SVWC READS: Reva Tooley
Twenty-six years ago, REVA TOOLEY hatched the idea of the Sun Valley Writers’ Conference—a place where writers and readers could gather every summer to talk about books and ideas, to laugh, and commune with each other and the beauty of the Wood River Valley. The idea for the festival grew out of Reva’s passion for books, her respect for the power and import of words, and her wide-ranging curiosity. She shares with us the books she has been reading during these intense days.
Photo Credit: Nils Ribi
THE END OF OCTOBER by Lawrence Wright
Just as the pandemic gathered speed, I happened to be reading Lawrence Wright’s gripping thriller, The End of October, a fictional account of a pandemic sweeping the globe. If Wright could imagine a virus taking the world by storm, as well as all the social and political consequences that would follow, we might question why governments and health organizations haven’t had the same level of imagination.
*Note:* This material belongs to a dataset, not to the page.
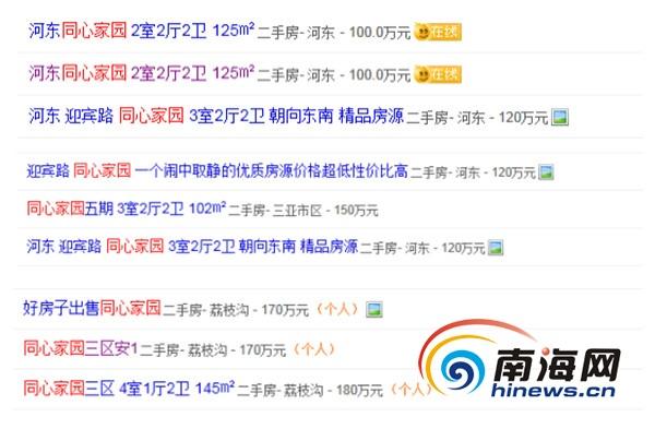 29日,南海网记者登录该家分类信息网站,同样键入“同心家园”字样进行搜索,确实发现了诸多三亚市“同心家园”项目房源的售房信息。记者粗略统计发现,出售房子的信息有近15条。当天发布的信息就有3条,其中二手房出售一条、新房出租两条。随后,记者再次登录另一家房产网站,搜索“同心家园”后,出现6条出售房屋信息。

Let’s hope the fictional ending—the liberation of all diseases—doesn’t mirror reality.
SAPIENS: A BRIEF HISTORY OF HUMANKIND by Yuval Noah Harari
Because browsing in independent bookstores quickly became off-limits, I started hunting through our family bookshelves for unread treasures, and found Sapiens: A Brief History of Humankind, by historian Yuval Noah Harari. This is one of those books I knew I should read, but kept putting off. It has turned out to be a life saver in these times. My husband, Bill, and I have been reading small sections of it aloud each evening so that we can really appreciate the many steps of evolution. Every page is worth a slow tempo. If the pandemic has a way of raising existential questions in our lives, this book has a way of answering them.
THE WINTER SOLDIER by Daniel Mason
Last week I came across The Winter Soldier by Daniel Mason (author of The Piano Tuner), published in 2019. What a relief to put the newspapers aside, go back to 1914, and plunge into war and love, bravery and loss. Every once in a while, you meet an author who can breathe life into descriptions of the world around him. Daniel Mason is one of those writers.